High School

Dear beloved readers, welcome to our website! We hope your visit here brings you valuable insights and meaningful inspiration. Thank you for taking the time to stop by and explore the content we've prepared for you.
------------------------------------------------ A teacher attempts to make an unfair number cube by baking it for 5 minutes at 300°F. A fair number cube lands with 6 spots up one-sixth of the time. She wants to determine if she successfully made the number cube unfair. She rolls the number cube 150 times and finds that 6 lands up 35 times.

Do these data provide convincing evidence at the \(\alpha = 0.01\) significance level that the proportion of rolls that will land 6 spots up is different from one-sixth? Are the conditions for inference met?

- **Random**: We have a random sample.
- **10% Condition**: \(150 < 10\%\) of the population.
- **Large Counts**: There are expected successes and expected failures, which are both at least 10.

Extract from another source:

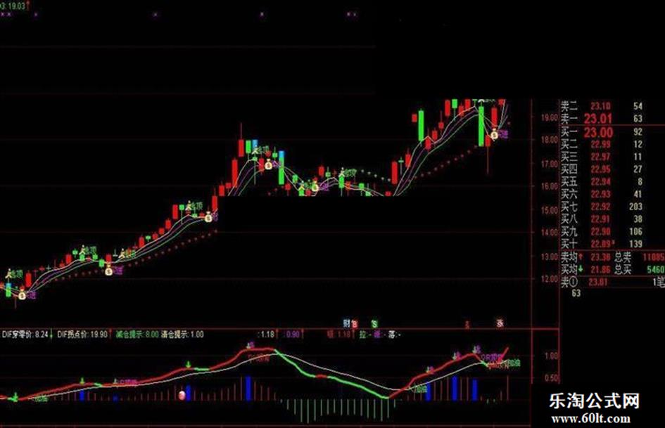 DRAWTEXT(CROSS(趋势,90),H+0.03,'▲大顶'),COLORRED;

A) Yes, the data provide convincing evidence; the conditions for inference are met.
B) Yes, the data provide convincing evidence; the conditions for inference are not met.
C) No, the data do not provide convincing evidence; the conditions for inference are met.
D) No, the data do not provide convincing evidence; the conditions for inference are not met.

Answer :

Final answer:

If the die's observed data has a corresponding p-value less than the 0.01 significance level after a goodness-of-fit hypothesis test, and the conditions for inference are met, then there is convincing evidence that the die is unfair. The correct answer is A).

Explanation:

To determine if the number cube (die) is unfair, we use a goodness-of-fit hypothesis test. The null hypothesis (H0) is that the die is fair, meaning the probability of rolling a six is 1/6, and the alternative hypothesis (Ha) is that the die is not fair, meaning the probability of rolling a six is not 1/6.

For this test, the expected number of times a six should come up in 150 rolls, if the die is fair, is 150 * (1/6) = 25. The observed frequency of rolling a six is 35. The conditions for inference are met:

Randomness: We assume that the rolls are random.

10% condition: 150 rolls are less than 10% of all possible rolls, which could be considered infinite.

Large counts condition: The expected number of successes (expected sixes) and failures (other numbers) are both greater than 5, which is necessary for the approximation to the chi-square distribution to be valid.

We then calculate the chi-square statistic and corresponding p-value to compare to the significance level of 0.01. If the p-value is less than 0.01, we reject H0 and accept Ha, thereby concluding that the die is unfair.

Assuming the calculated p-value is less than 0.01, so, Yes, the data provide convincing evidence; the conditions for inference are met.